By Porisma P. Gogoi and Rohit Vaid

Mumbai– Despite India on the verge of a major economic reform, healthy inflows of foreign funds and supportive global cues, the Indian equity markets closed flat during the last week.

The positive cues were negated by a mid-week correction. Further, the key indices were dragged down by profit booking, lower crude oil prices, uncertainty on macro-economic data and the risks to two global events.

Bombay Stock Exchange-WikipediaThe 30-scrip sensitive index (Sensex) of the BSE gained only 26.49 points or 0.09 per cent during the week to end at 28,078.35 points.

Similarly, the wider 51-scrip Nifty of the National Stock Exchange (NSE) edged up by 44.65 points or 0.52 per cent to 8,683.15 points.

“Indian equity markets traded with volatile sentiments last week mainly due to profit booking at higher levels from traders,” Dhruv Desai, Director and Chief Operating Officer of Tradebulls, told IANS.

“Speculative trading on the success of the GST (Goods and Services Tax) bill in Rajya sabha also brought volatility in the equity markets.”

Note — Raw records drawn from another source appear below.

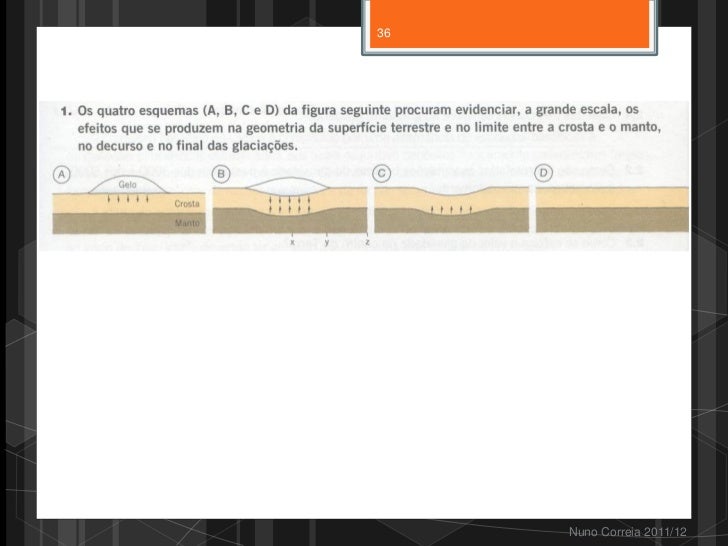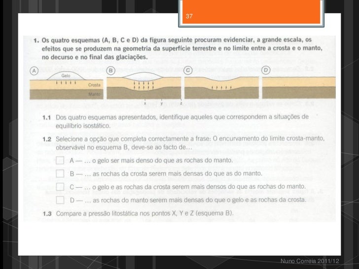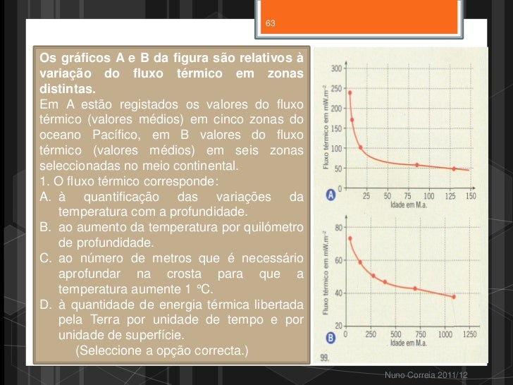 63. 63. 63Os gráficos A e B da figura são relativos àvariação do fluxo térmico em zonasdistintas.Em A estão registados os valores do fluxotérmico (valores médios) em cinco zonas dooceano Pacífico, em B valores do fluxotérmico (valores médios) em seis zonasseleccionadas no meio continental.1. O fluxo térmico corresponde:A. à quantificação das variações da temperatura com a profundidade.B. ao aumento da temperatura por quilómetro de profundidade.C. ao número de metros que é necessário aprofundar na crosta para que a temperatura aumente 1 °C.D. à quantidade de energia térmica libertada pela Terra por unidade de tempo e por unidade de superfície. (Seleccione a opção correcta.) Nuno Correia 2011/12
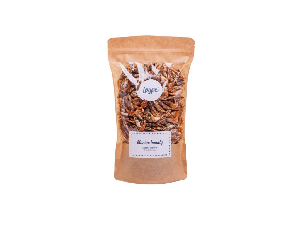 Marine Bounty jsou sušené krevety, které poskytují vysoký obsah bílkovin a níký obsah tuku. Díky tomu jsou vhodné i pro psy s citlivým zažíváním nebo na dietě. Křupavá textura a výrazná chuť moře z nich dělají atraktivní pamlsek pro trénink i běžné odměňování. Dostupné ve dvou velikostech balení: 30 g a 120 g.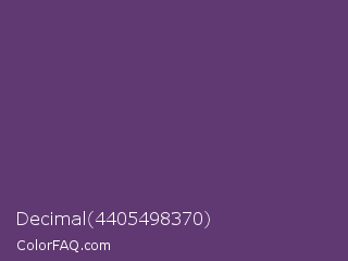 Decimal 4405498370 Color is a normal purple color and the nearest color is Imperial #602f6b. Hex code #603872 and RGB value is rgb(96,56,114). In RGB color space, this color is composed of 38% red, 22% green, 45% blue, In CMYK color space, this color is composed of 16% cyan, 51% magenta, 0% yellow , 55% black , In HSL color space, this color has a hue angle of 281° , 34% saturation and 33% lightness.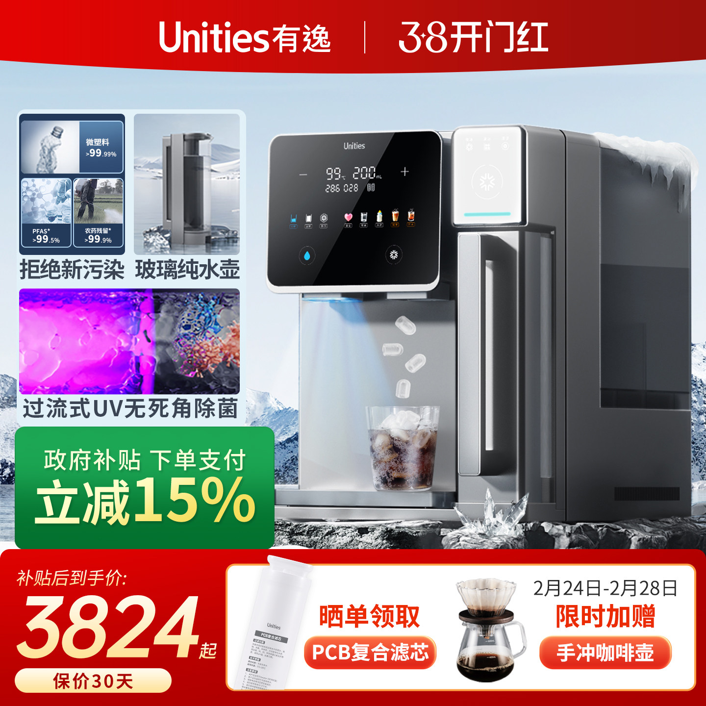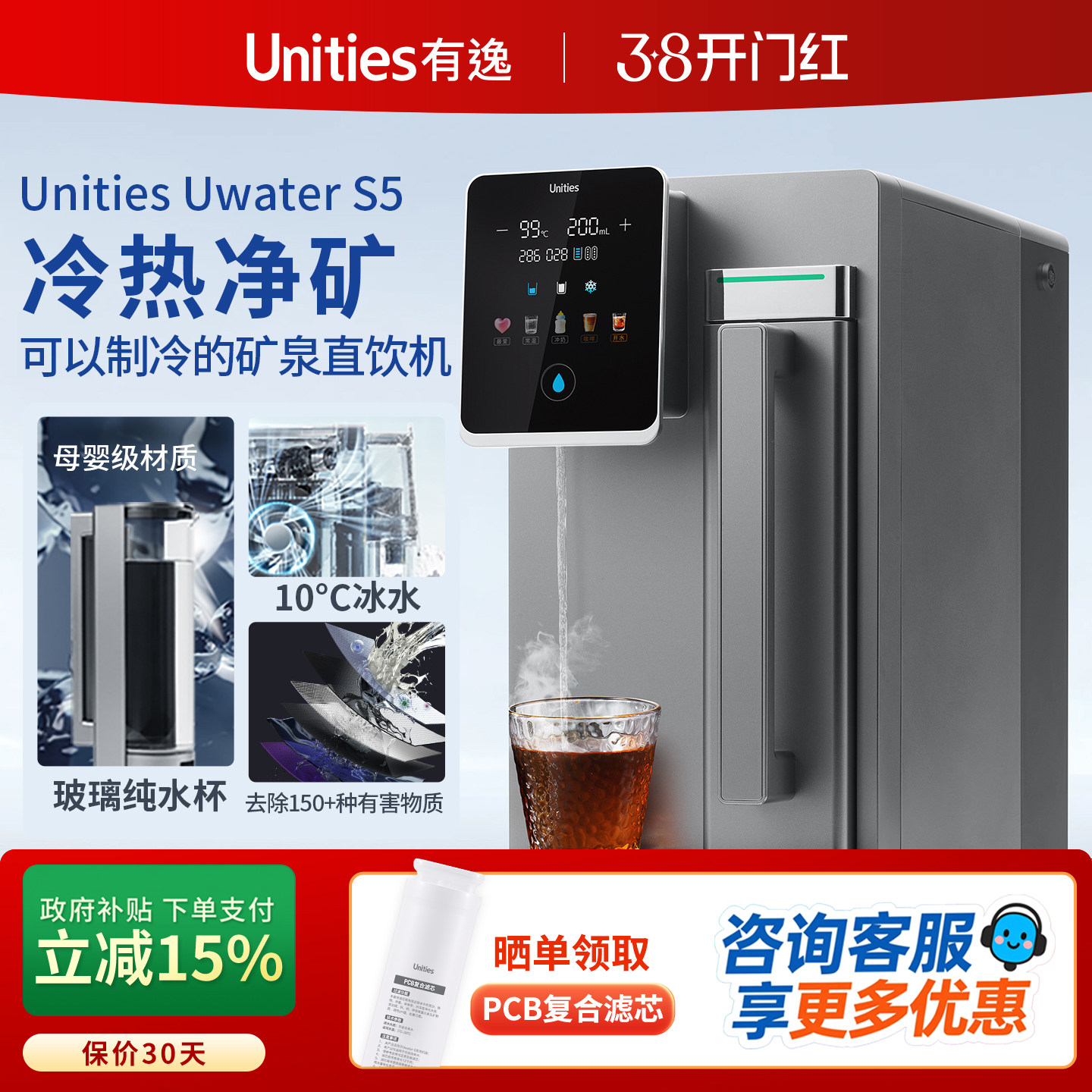 Unities有逸S5 免安装冷热一体台式矿泉净水器净饮机RO反渗透制冷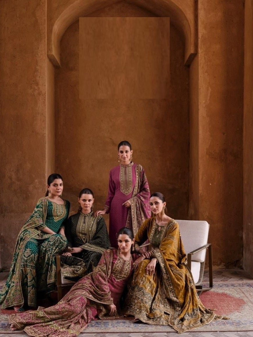 BOTTOM: Premium crepe silk with elegant print and hand mundi work sharara with inner lining (free size stitched)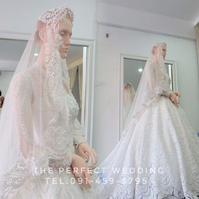 ชุดเจ้าสาวอิสลาม สวยๆ...ชุดสีขาวดอกกุหลาบใหญ่ (ร้านเดอะเพอร์เฟคเวดดิ้ง ละงู สตูล)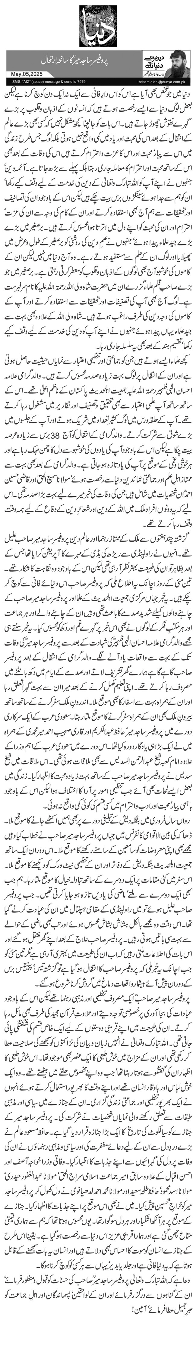 دعا ہے کہ اللہ تبارک وتعالیٰ پروفیسر ساجد میرؒ صاحب کی حسنات کو قبول ومنظور فرمائے‘ ان کے گناہوں سے درگزر فرمائے اور ان کے لواحقین‘ پسماندگان اور اہلِ جماعت کو صبرِ جمیل عطا فرمائے‘ آمین!
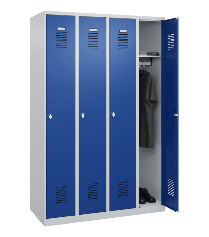Der Stroxx Garderobenschrank mit Sockel ist aus hochwertigem Stahl gefertigt und bietet eine langlebige und robuste Lösung für die Aufbewahrung von Kleidung und persönlichen Gegenständen.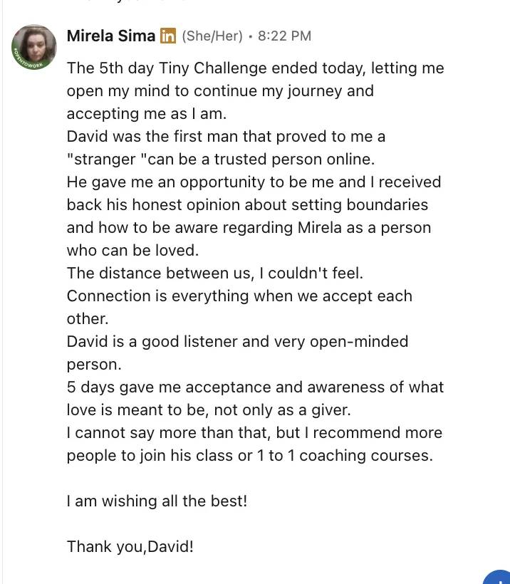 You can expect a supportive and confidential environment where you can openly discuss your aspirations and challenges. Each session is a collaborative effort, focusing on actionable steps to achieve your personal goals.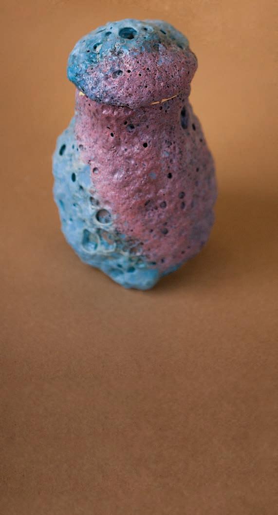 grown stronger, and her own unique style has developed. She works largely with cylinders, ranging in sizes, and likes to test how they interact with each other. In terms of inspiration, she is drawn to exposed piping behind restaurants, or water towers left to rust. “I draw from the mundane — dirty stuff that everybody uses and it serves its function, but nobody really looks at,” Sparks says. “Nobody is going up to these things and saying, ‘Oh, let’s take a photo of this.’ I look at things that serve a purpose but don’t necessarily stand out, mostly pipes, and that’s where the cylinders come from.” She also likes to experiment with glazes on her pieces and describes her artistic process as essentially a series of experiments with configurations of cylinders, combinations of glazes and various firing techniques.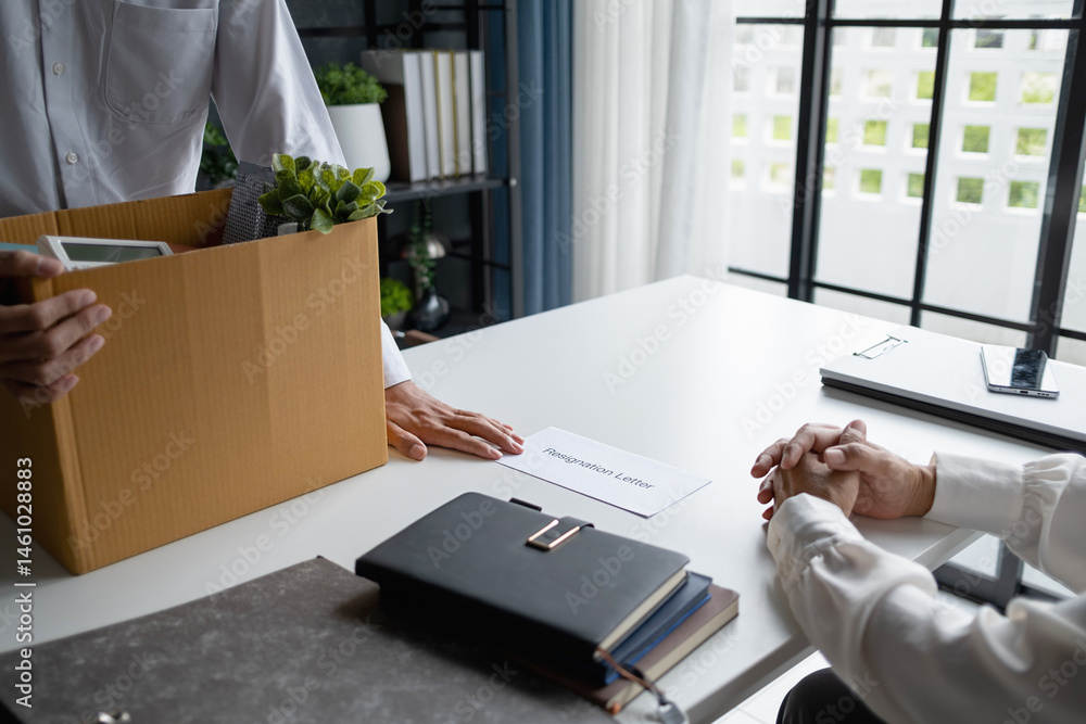Resignation. Business people breaking the contract with resignation letter staff reduction leaving the office

The benchmark indices started off the week on a flat note, but soon rose on the back of positive macro economic data — the Purchasing Managers’ Index (PMI) and Eight Core Industries (ECI) output figures — which unleashed fresh buying.

The Rajya Sabha passing the GST bill — the first step in reforming India’s tax laws — boosted investors’ sentiments, which was supported by the Bank of England’s decision to reduce key lending rates by 25 basis points to 0.25 per cent.

“A firm close last week not only signals that markets have in principle acknowledged that there is an emerging consensus, but the recent correction has also allowed to ease the ‘rich’ valuation feeling,” Anand James, Chief Market Strategist at Geojit BNP Paribas Financial Services, told IANS.

Nevertheless, the mid-week correction sparked a spate of value buying and short covering which helped the key indices to pare their losses.

Further, government’s plan for a long-term inflation target of four per cent for the next five years, prediction of healthy monsoon rains during August and appreciation in the rupee’s value supported the upward movement.

The rupee appreciated on a weekly basis. It strengthened by 24 paise to 66.78 against a US dollar from its previous close of 67.02 on July 29.

In addition, the influx of foreign funds aided the markets to recover from lower levels.

Provisional figures from the stock exchanges showed that the week witnessed a hefty influx of foreign funds worth Rs 2,835.78 crore.

Figures from the National Securities Depository (NSDL) showed that foreign portfolio investors were net buyers of equities worth Rs 683.16 crore, or $102.03 million, from August 1-5.

Among the individual Sensex stocks, Tata Steel was the top gainer (up 7.37 per cent at Rs 380.90), followed by Hero MotoCorp (up 7.11 per cent at Rs 3,434.30), Bajaj Auto (up 5.84 per cent at Rs 2,859.85), Maruti Suzuki (up 4.06 per cent at Rs 4,948.35) and Axis Bank (up 3.55 per cent at Rs 565.45).

The losers were led by ICICI Bank (down 6.37 per cent at Rs 246.10), Lupin (down 3.80 per cent at Rs 1,674.55), Larsen and Toubro (L&T) (down 2.91 per cent at Rs 1,512.65), HDFC (down 2.47 per cent at Rs 1,340.45) and Infosys (down 0.61 per cent at Rs 1,067.40).